Sorting using radix sort

Question

I was reading radix sort from this site I am confused in the 3rd for loop:

for (i = n - 1; i >= 0; i--) {
    output[freq[(arr[i] / place) % range] - 1] = arr[i];
    freq[(arr[i] / place) % range]--;
}

Why did they start it from the end as when I tried to start it from 0, it gives me the wrong answer? Any explanation or solution would be appreciated.

Answer 1

Because freq contains the cumulative number of elements in each position in the range. That is, for a range of i=0-9, freq[i] contains the number of digits that are placed on positions 0, ..., i.

The algorithm uses freq to keep track of how many items it needs to draw from initial array to the output array for each position.

Assuming 10,21,17,34,44,11,654,123 as input, running count-sort for first insignificant digit:

0: 10
1: 21 11
2:
3: 123
4: 34 44 654
5:
6:
7: 17
8:
9: 

freq would be as:

0: 1
1: 3
2: 3
3: 4
4: 7
5: 7
6: 7
7: 8
8: 8
9: 8

So, the array becomes 10,21,11,123,34,44,654,17.

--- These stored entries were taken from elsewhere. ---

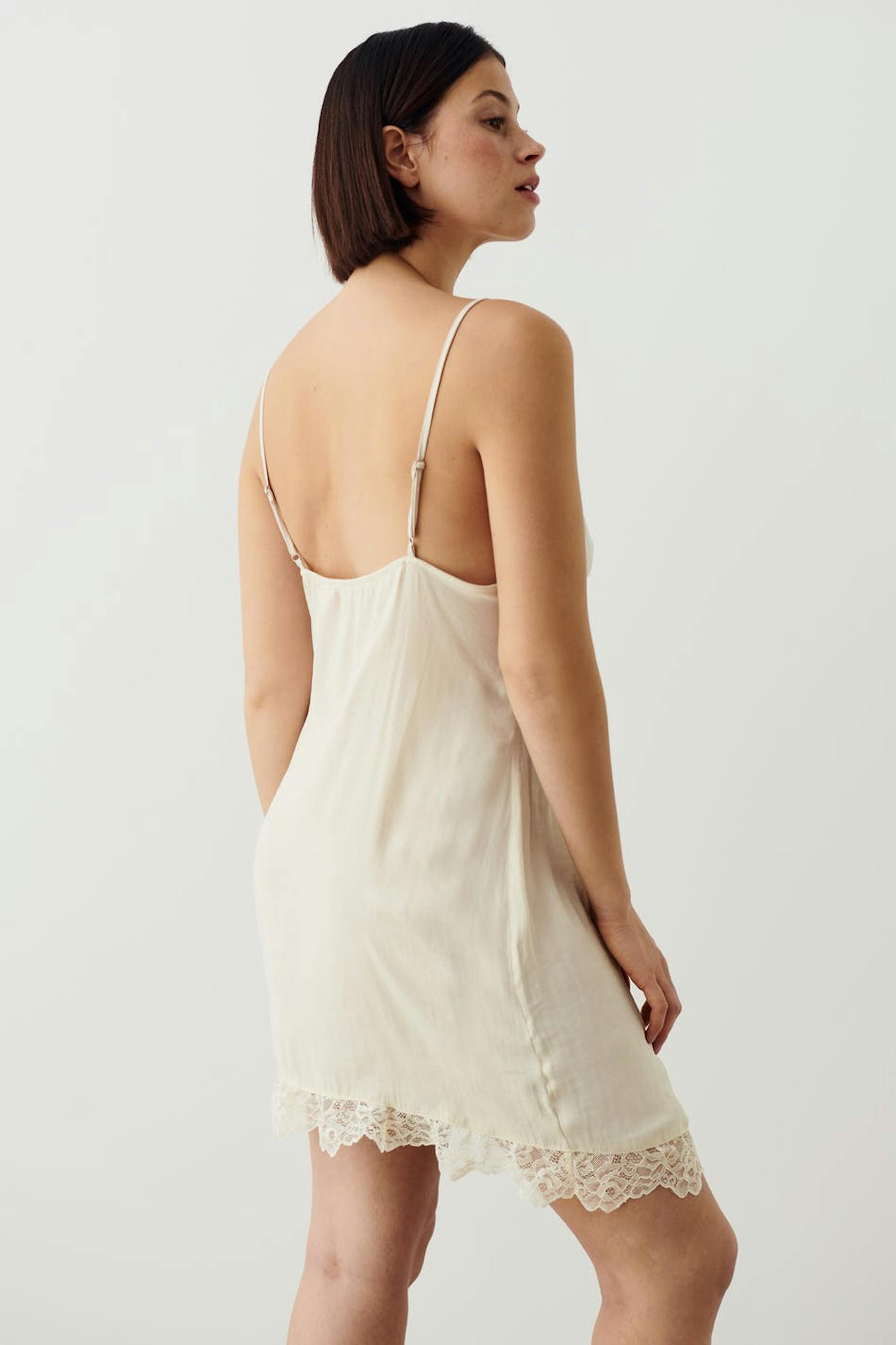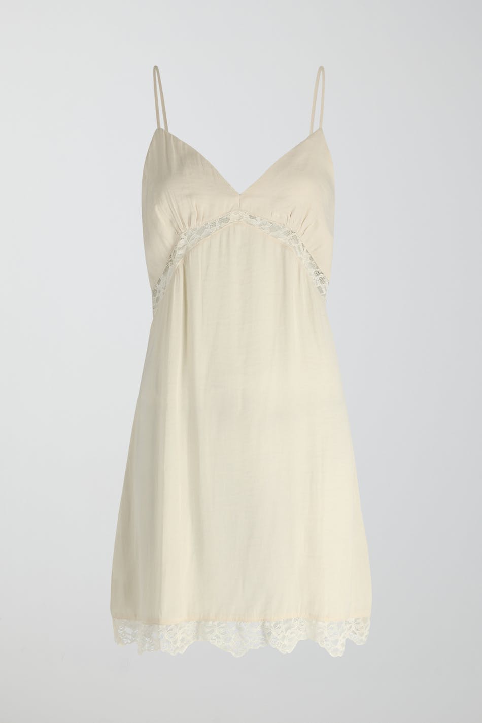 Nachthemd aus Satin mit Spitzendetails. Das Nachthemd ist beige und hat weit-geschnittenen Style. Es hat verstellbare Trägerbänder, V-Ausschnitt und taillierte Passform an der Büste.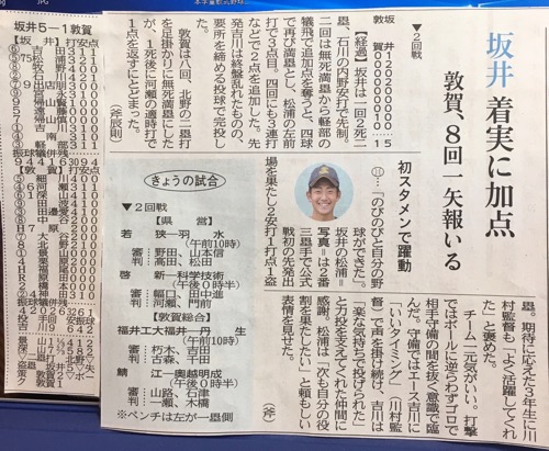 第98回 全国高等学校野球選手権福井大会 【一回戦】足羽3-4敦賀 【二回戦】啓新14-0敦賀(5回コールド) 第50回 敦賀市長旗争奪高等学校野球大会 【二回戦】敦賀6-5敦賀工業 【決 勝】敦賀1-20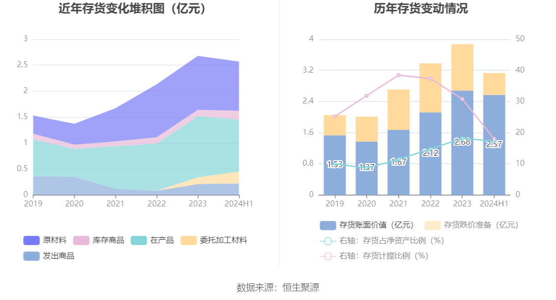 从存货变动来看,截至2024年上半年末,公司存货账面价值为2.57亿元,占净资产的17.26%,较上年末减少1113.42万元。其中,存货跌价准备为5637.79万元,计提比例为17.98%。

You need to loop backwards to keep the original order of numbers with the same digit, because how the freq is built. Suppose you want to place 34 to its right place on the output. According to the freq array, if loop forward, you would place it on the 7th position which is incorrect. If you loop backwards, you have already placed 654 and 44 before reaching 34, so freq[4]=5 by then which is the correct place.